Despite the availability of specific　serology and point-of-care tests, the symptoms fluctuation as well as the "open-window" existing amongst the late and silent forms, often delays　the diagnosis of celiac disease　(CD). High mobility group box 1 (HMGB1), an important chromatin protein, mediates inflammation and gastrointestinal barrier failure. In this study involving 49 children with CD　and 44 healthy　children, antitissue transglutaminase type 2 and antideaminated form of gliadin antibodies, serum HMGB1 levels, and duodenal mucosal histopathology were performed. Serum HMGB1 levels were significantly higher in those with CD than those in the healthy control group (P　<0.001). Significant differences in serum HMGB1 levels were detected in　children　with typical CD form compared to both　children　with atypical CD form (P　<0.001) and　children　with silent CD form (P　<0.001). By using the Marsh classification, significant differences were also found between subjects with grade 3 B-B1 and 3 C-B2 and villous atrophy, respectively (P　<0.05). On the contrary, no significant differences were detected in serum HMGB1 levels in subgroups of　children　with grade 3 A compared to grade 3 B-B1. It was thus postulated that the HMGB1 is upregulated at diagnosis in all CD　children, especially in typical form, and reflects the histologic severity of　disease.

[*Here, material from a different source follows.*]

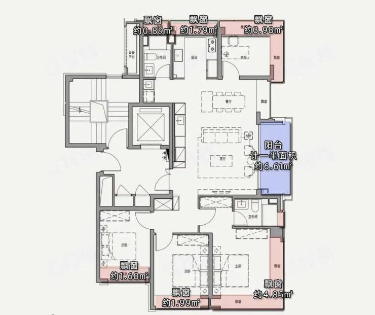 超高得房率户型,飘窗可砸,100㎡A户型,砸完多出约6㎡;137㎡F户型,砸完多出约11㎡,附赠多出来的空间,未来可随家庭需求,灵活延伸。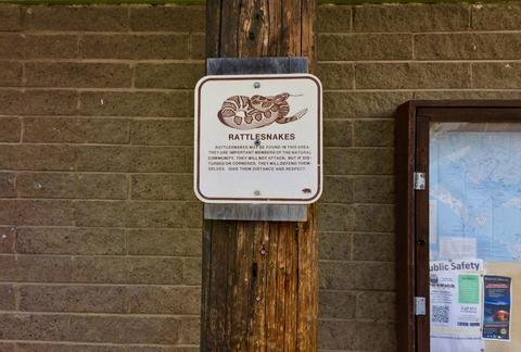 『ガラガラヘビ(Rattlesnakes)』の目撃情報が! アタックしてくることはないさそうだがマムシの仲間で毒蛇、君子じゃないが危うきに近寄らずじゃ。

Does rotavirus vaccination increase the risk of celiac disease or type 1 diabetes in children? (Pediatr Infect Dis J.　2017. April 10. doi: 10.1097/INF.0000000000001600)

Rotavirus infection has been suggested as a trigger of type 1 diabetes (T1D) and　celiac disease　(CD) related autoimmunity in some studies. In this population-based cohort study in Finland, rotavirus vaccination records were collected from healthcare databases during 2009-2011 and validated for a sample of 495　children. Incident diagnoses of CD and TID during 2009-2014 in the cohort were identified in the National Care register. The adjusted relative risks (95% CI) were 0·91 (0·69, 1·20) for T1D and 0·87 (0·65, 1·17) for CD in vaccinated children compared to unvaccinated, suggesting that oral rotavirus vaccination did not alter the risk of CD or T1D during four to six years follow-up after vaccination. Therefore, it appears that oral rotavirus vaccination is safe in the individuals at risk of CD and T1D.

Serum biomarkers as predictors of complicated appendicitis in children (Pediatr Surg Int.　2017 Apr 29. doi: 10.1007/s00383-017-4088-1)

Choosing conservative mode of management of acute uncomplicated appendicitis without appendicolith over appendectomy is now an established treatment option. In this study, the authors evaluated whether commonly used serum biomarkers on admission could distinguish between simple and complicated appendicitis. Admission white blood cell (WBC), neutrophil (NEU), and C-reactive protein (CRP) levels were analyzed by ROC curve, and Kruskal-Wallis and contingency tests. Patients were divided according to age and histology [normal appendix (NA), simple appendicitis (SA), complicated appendicitis (CA)]. Of 1197 children　(NA=186, SA=685, CA=326), 7% were <5　years, 55% 5-12, and 38% 13-17. CA patients had higher CRP and WBC levels than NA and SA (P　<0.0001). NEU levels were lower in NA compared to SA or CA (P　<0.0001), but were similar between SA and CA (P　=　0.6). CA patients had higher CRP and WBC levels than SA patients in 5-12- (P　<0.0001) and 13-17-year groups (P　=　0.0075, P　=0.005), but not in <5-year group. CRP levels >40　mg/L were found in 58% CA and 37% SA (P　<0.0001), and WBC count >15　×　10⁹/L in 58% CA and 43% SA (P　<0.0001). Authors concluded that simple markers like CRP and WBC count may help the clinician predict complicated appendicitis in children older than 5 years age and guide decision-making as to the therapeutic modality.